*WHAT IS EXPECTED*
Give all of the records again precisely, excluding whatever pictures they contain.

*Excerpts from a dataset*
--------------------------------------------------
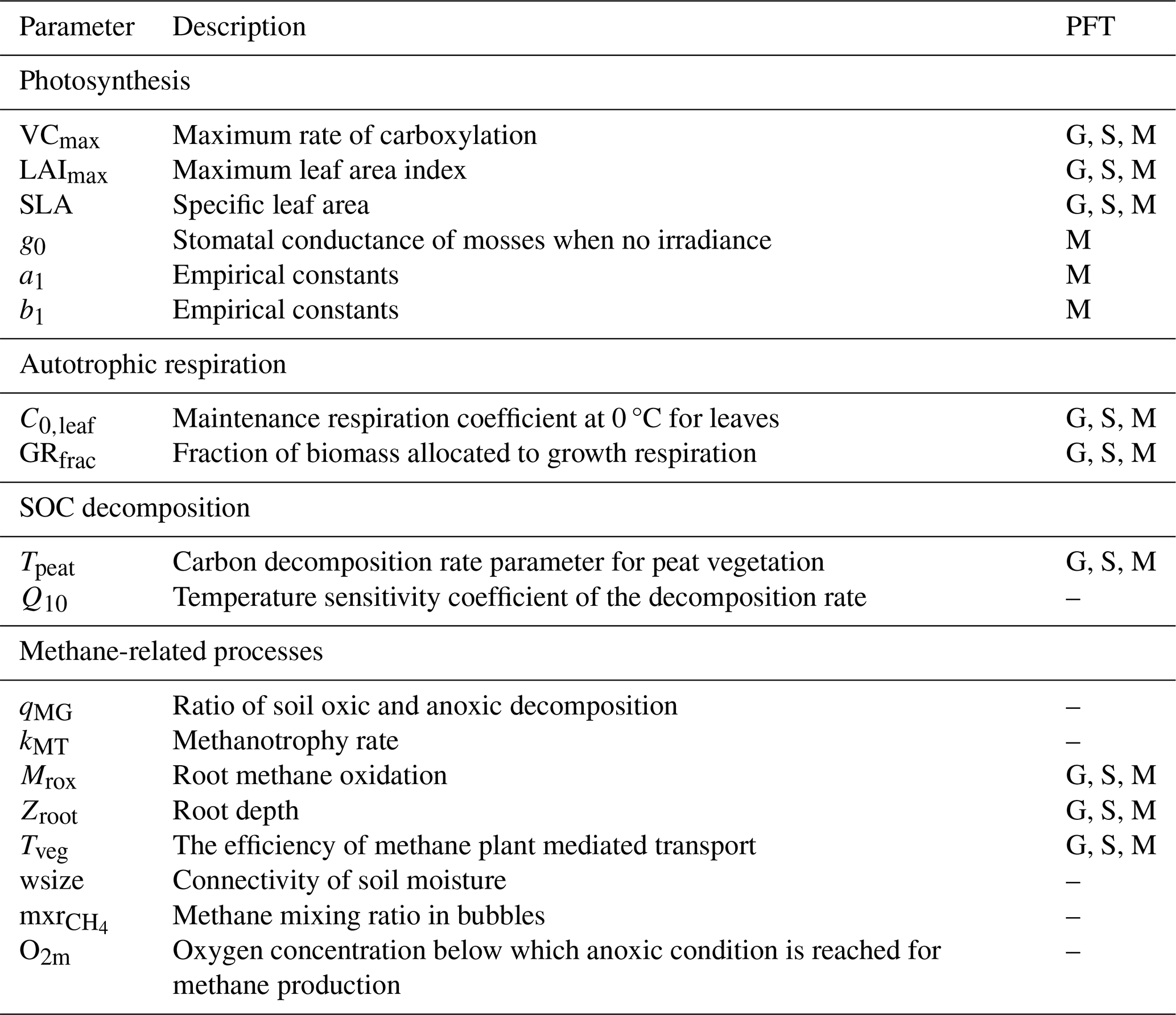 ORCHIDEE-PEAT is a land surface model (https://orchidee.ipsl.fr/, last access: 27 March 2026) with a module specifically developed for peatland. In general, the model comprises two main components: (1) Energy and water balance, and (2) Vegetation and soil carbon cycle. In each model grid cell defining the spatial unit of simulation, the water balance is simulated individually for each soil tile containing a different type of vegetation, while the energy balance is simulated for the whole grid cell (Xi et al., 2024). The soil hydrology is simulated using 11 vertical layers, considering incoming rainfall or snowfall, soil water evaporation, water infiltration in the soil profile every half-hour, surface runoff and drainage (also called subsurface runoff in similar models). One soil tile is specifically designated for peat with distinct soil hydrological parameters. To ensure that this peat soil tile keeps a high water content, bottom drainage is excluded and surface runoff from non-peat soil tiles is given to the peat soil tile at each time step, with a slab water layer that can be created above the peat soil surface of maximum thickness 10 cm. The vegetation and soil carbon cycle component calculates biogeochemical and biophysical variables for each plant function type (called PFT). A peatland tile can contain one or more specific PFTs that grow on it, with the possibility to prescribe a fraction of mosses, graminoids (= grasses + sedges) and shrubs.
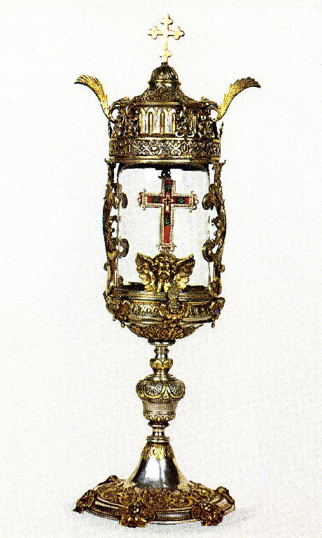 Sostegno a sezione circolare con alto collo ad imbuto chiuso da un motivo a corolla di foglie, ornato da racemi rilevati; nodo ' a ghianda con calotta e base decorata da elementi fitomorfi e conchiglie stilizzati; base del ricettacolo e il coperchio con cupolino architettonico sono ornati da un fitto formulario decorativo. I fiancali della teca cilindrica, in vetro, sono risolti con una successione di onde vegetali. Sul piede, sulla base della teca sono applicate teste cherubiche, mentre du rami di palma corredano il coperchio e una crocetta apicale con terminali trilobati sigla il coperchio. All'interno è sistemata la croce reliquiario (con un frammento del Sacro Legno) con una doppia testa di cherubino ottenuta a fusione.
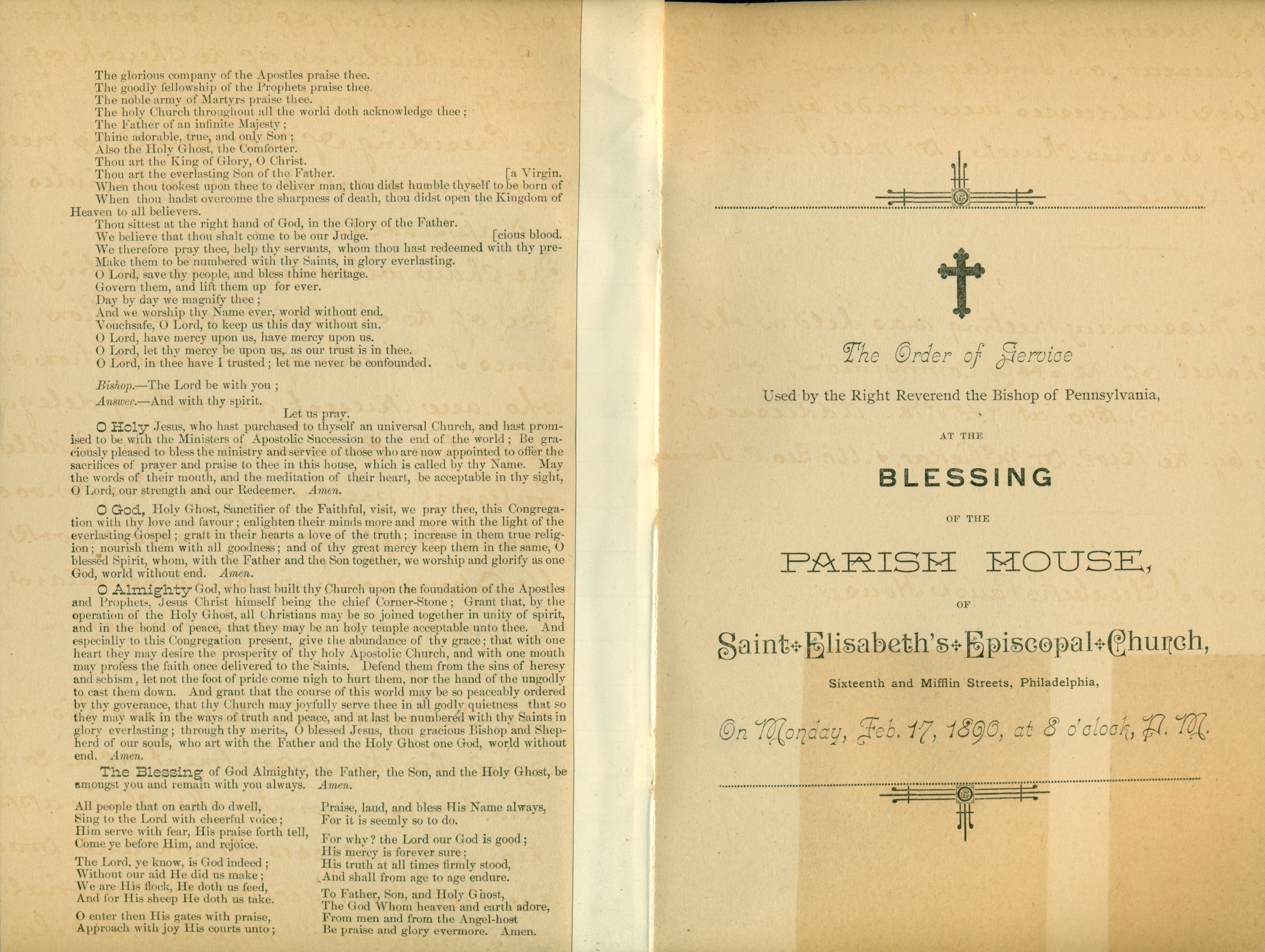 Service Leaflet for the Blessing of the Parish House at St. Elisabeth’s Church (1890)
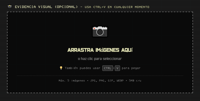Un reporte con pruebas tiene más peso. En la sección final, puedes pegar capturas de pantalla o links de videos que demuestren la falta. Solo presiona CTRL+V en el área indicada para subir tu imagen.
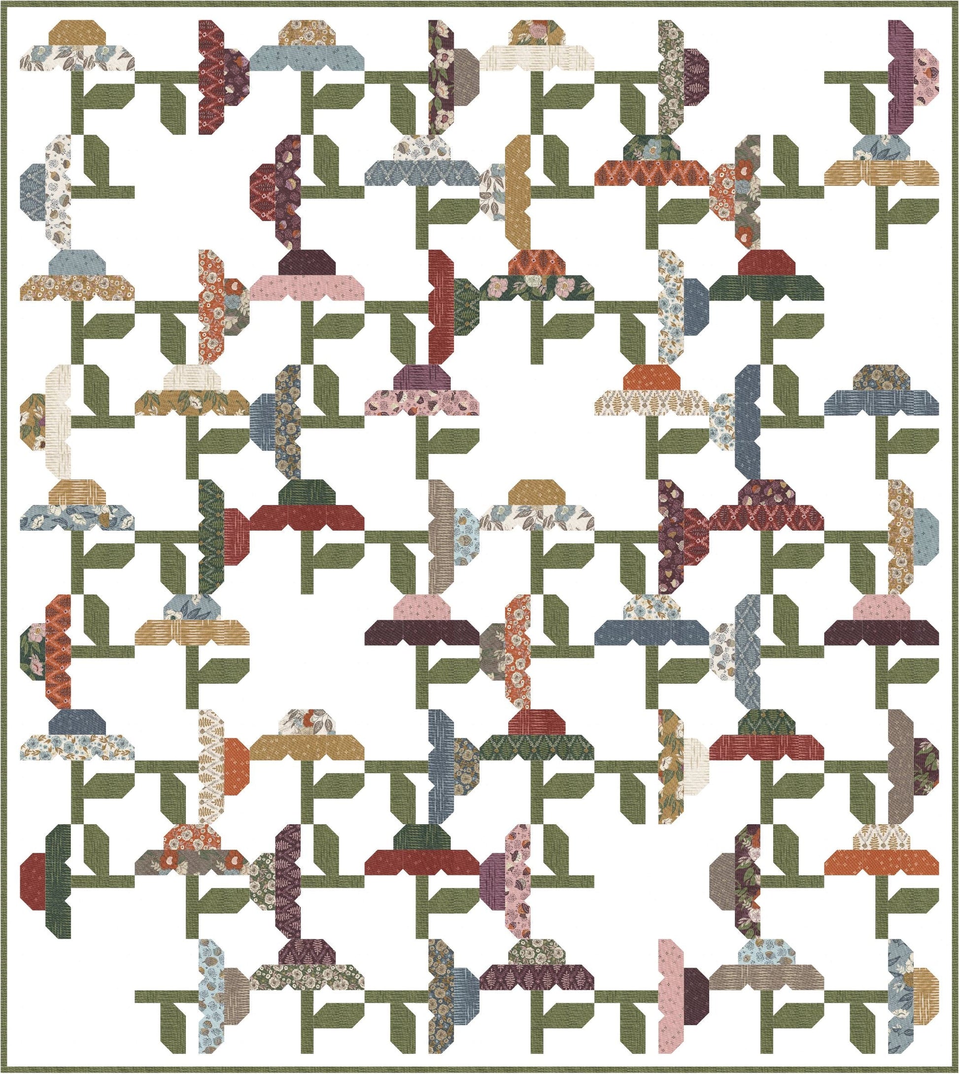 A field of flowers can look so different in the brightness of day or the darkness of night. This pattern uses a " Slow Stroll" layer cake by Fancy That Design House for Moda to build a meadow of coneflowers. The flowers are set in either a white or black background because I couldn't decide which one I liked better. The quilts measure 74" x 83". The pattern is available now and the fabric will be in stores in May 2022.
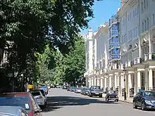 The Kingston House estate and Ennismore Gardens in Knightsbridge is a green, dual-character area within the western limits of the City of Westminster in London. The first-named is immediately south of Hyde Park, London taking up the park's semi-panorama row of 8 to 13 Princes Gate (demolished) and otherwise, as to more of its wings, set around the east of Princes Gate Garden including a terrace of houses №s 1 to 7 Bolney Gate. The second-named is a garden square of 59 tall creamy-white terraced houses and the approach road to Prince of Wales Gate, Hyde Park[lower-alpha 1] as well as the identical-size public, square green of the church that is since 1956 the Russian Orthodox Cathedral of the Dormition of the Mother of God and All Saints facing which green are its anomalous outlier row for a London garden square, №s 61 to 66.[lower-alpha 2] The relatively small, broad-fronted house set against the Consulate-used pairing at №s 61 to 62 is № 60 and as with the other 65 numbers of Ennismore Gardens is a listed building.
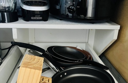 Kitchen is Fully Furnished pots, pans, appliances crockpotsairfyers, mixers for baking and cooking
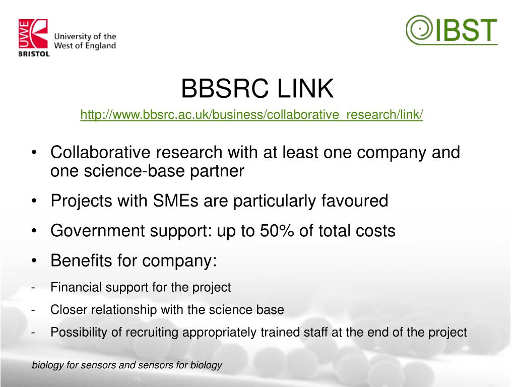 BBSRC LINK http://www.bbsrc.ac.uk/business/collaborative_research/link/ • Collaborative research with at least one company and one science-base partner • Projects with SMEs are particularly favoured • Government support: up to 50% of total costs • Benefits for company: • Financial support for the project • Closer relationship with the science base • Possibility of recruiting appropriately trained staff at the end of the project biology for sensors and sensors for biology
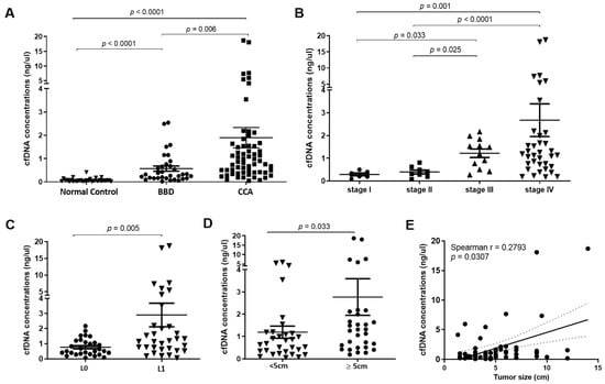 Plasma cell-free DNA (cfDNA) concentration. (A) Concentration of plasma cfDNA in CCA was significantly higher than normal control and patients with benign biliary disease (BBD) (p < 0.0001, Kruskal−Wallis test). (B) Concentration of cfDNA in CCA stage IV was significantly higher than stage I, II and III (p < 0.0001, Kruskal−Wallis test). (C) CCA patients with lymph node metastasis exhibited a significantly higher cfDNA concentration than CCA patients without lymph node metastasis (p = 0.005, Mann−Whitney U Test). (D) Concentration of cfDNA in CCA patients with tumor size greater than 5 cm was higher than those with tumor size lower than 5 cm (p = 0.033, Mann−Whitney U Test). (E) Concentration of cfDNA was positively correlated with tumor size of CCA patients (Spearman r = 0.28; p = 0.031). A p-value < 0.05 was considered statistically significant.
--------------------------------------------------
*RESPONSE FOR THIS EXERCISE*
 ORCHIDEE-PEAT is a land surface model (https://orchidee.ipsl.fr/, last access: 27 March 2026) with a module specifically developed for peatland. In general, the model comprises two main components: (1) Energy and water balance, and (2) Vegetation and soil carbon cycle. In each model grid cell defining the spatial unit of simulation, the water balance is simulated individually for each soil tile containing a different type of vegetation, while the energy balance is simulated for the whole grid cell (Xi et al., 2024). The soil hydrology is simulated using 11 vertical layers, considering incoming rainfall or snowfall, soil water evaporation, water infiltration in the soil profile every half-hour, surface runoff and drainage (also called subsurface runoff in similar models). One soil tile is specifically designated for peat with distinct soil hydrological parameters. To ensure that this peat soil tile keeps a high water content, bottom drainage is excluded and surface runoff from non-peat soil tiles is given to the peat soil tile at each time step, with a slab water layer that can be created above the peat soil surface of maximum thickness 10 cm. The vegetation and soil carbon cycle component calculates biogeochemical and biophysical variables for each plant function type (called PFT). A peatland tile can contain one or more specific PFTs that grow on it, with the possibility to prescribe a fraction of mosses, graminoids (= grasses + sedges) and shrubs.
 Sostegno a sezione circolare con alto collo ad imbuto chiuso da un motivo a corolla di foglie, ornato da racemi rilevati; nodo ' a ghianda con calotta e base decorata da elementi fitomorfi e conchiglie stilizzati; base del ricettacolo e il coperchio con cupolino architettonico sono ornati da un fitto formulario decorativo. I fiancali della teca cilindrica, in vetro, sono risolti con una successione di onde vegetali. Sul piede, sulla base della teca sono applicate teste cherubiche, mentre du rami di palma corredano il coperchio e una crocetta apicale con terminali trilobati sigla il coperchio. All'interno è sistemata la croce reliquiario (con un frammento del Sacro Legno) con una doppia testa di cherubino ottenuta a fusione.
 Service Leaflet for the Blessing of the Parish House at St. Elisabeth’s Church (1890)
Un reporte con pruebas tiene más peso. En la sección final, puedes pegar capturas de pantalla o links de videos que demuestren la falta. Solo presiona CTRL+V en el área indicada para subir tu imagen.
 A field of flowers can look so different in the brightness of day or the darkness of night. This pattern uses a " Slow Stroll" layer cake by Fancy That Design House for Moda to build a meadow of coneflowers. The flowers are set in either a white or black background because I couldn't decide which one I liked better. The quilts measure 74" x 83". The pattern is available now and the fabric will be in stores in May 2022.
 The Kingston House estate and Ennismore Gardens in Knightsbridge is a green, dual-character area within the western limits of the City of Westminster in London. The first-named is immediately south of Hyde Park, London taking up the park's semi-panorama row of 8 to 13 Princes Gate (demolished) and otherwise, as to more of its wings, set around the east of Princes Gate Garden including a terrace of houses №s 1 to 7 Bolney Gate. The second-named is a garden square of 59 tall creamy-white terraced houses and the approach road to Prince of Wales Gate, Hyde Park[lower-alpha 1] as well as the identical-size public, square green of the church that is since 1956 the Russian Orthodox Cathedral of the Dormition of the Mother of God and All Saints facing which green are its anomalous outlier row for a London garden square, №s 61 to 66.[lower-alpha 2] The relatively small, broad-fronted house set against the Consulate-used pairing at №s 61 to 62 is № 60 and as with the other 65 numbers of Ennismore Gardens is a listed building.
 Kitchen is Fully Furnished pots, pans, appliances crockpotsairfyers, mixers for baking and cooking
 BBSRC LINK http://www.bbsrc.ac.uk/business/collaborative_research/link/ • Collaborative research with at least one company and one science-base partner • Projects with SMEs are particularly favoured • Government support: up to 50% of total costs • Benefits for company: • Financial support for the project • Closer relationship with the science base • Possibility of recruiting appropriately trained staff at the end of the project biology for sensors and sensors for biology
 Plasma cell-free DNA (cfDNA) concentration. (A) Concentration of plasma cfDNA in CCA was significantly higher than normal control and patients with benign biliary disease (BBD) (p < 0.0001, Kruskal−Wallis test). (B) Concentration of cfDNA in CCA stage IV was significantly higher than stage I, II and III (p < 0.0001, Kruskal−Wallis test). (C) CCA patients with lymph node metastasis exhibited a significantly higher cfDNA concentration than CCA patients without lymph node metastasis (p = 0.005, Mann−Whitney U Test). (D) Concentration of cfDNA in CCA patients with tumor size greater than 5 cm was higher than those with tumor size lower than 5 cm (p = 0.033, Mann−Whitney U Test). (E) Concentration of cfDNA was positively correlated with tumor size of CCA patients (Spearman r = 0.28; p = 0.031). A p-value < 0.05 was considered statistically significant.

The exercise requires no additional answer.